The film itself is captivating. Narrated by James Coburn, whose delivery can only be described as “Peak Coburn”. When I exchanged emails with USA Nordic’s Story Project Curator Jeff Hastings last week—after I sent it to him, and insisted he drop everything and watch—he wrote back with an uncanny replica of my husband’s and my summation of the film: “Watching James Coburn play himself is like watching him play any role he ever had… love the quote- ‘… not a jump for glory… a jump for joy.’ Finding this gem was time in the rabbit warren well spent!”

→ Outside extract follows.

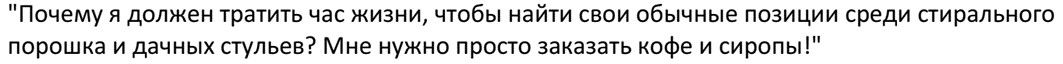 Главная проблема шеф-повара и закупщика — это не дефицит товаров, а дефицит когнитивного ресурса. Они перегружены. Аналитика показывает, что в общем каталоге гипермаркета профильные товары (большие упаковки, спецсоусы) смешаны с розницей, что превращает закупку в долгий и мучительный квест.
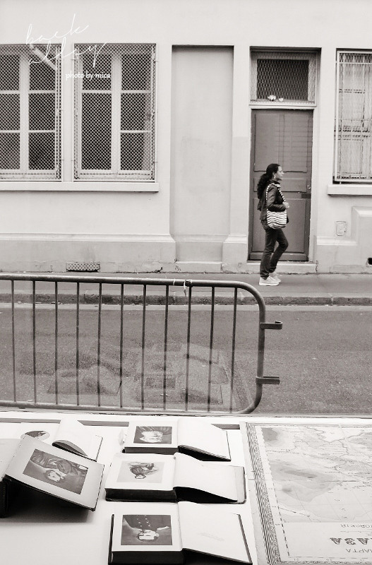 パリの表通りから 一歩中に入った 静かな裏通りの、小さなギャラリーの窓から 通りを行く人を眺めてみていた。

Funnier yet, watching the film inspired me to invent a rabbit warren pop quiz – to find out how many members of my family could name any of the 1976 US delegation in Nordic Combined and Ski Jumping—and every delegation thereafter. I manned the Wiki, and called out names or years. We were abysmal at this game, but we learned a lot. This made a kind note from Walter Malmquist in response to my December 18, 2022 Story Project contribution, all the more fun to receive:
“Wherever we go, there we are. One ski jumping community, steeped in history, friendship, literature, art and, yep, adrenaline.”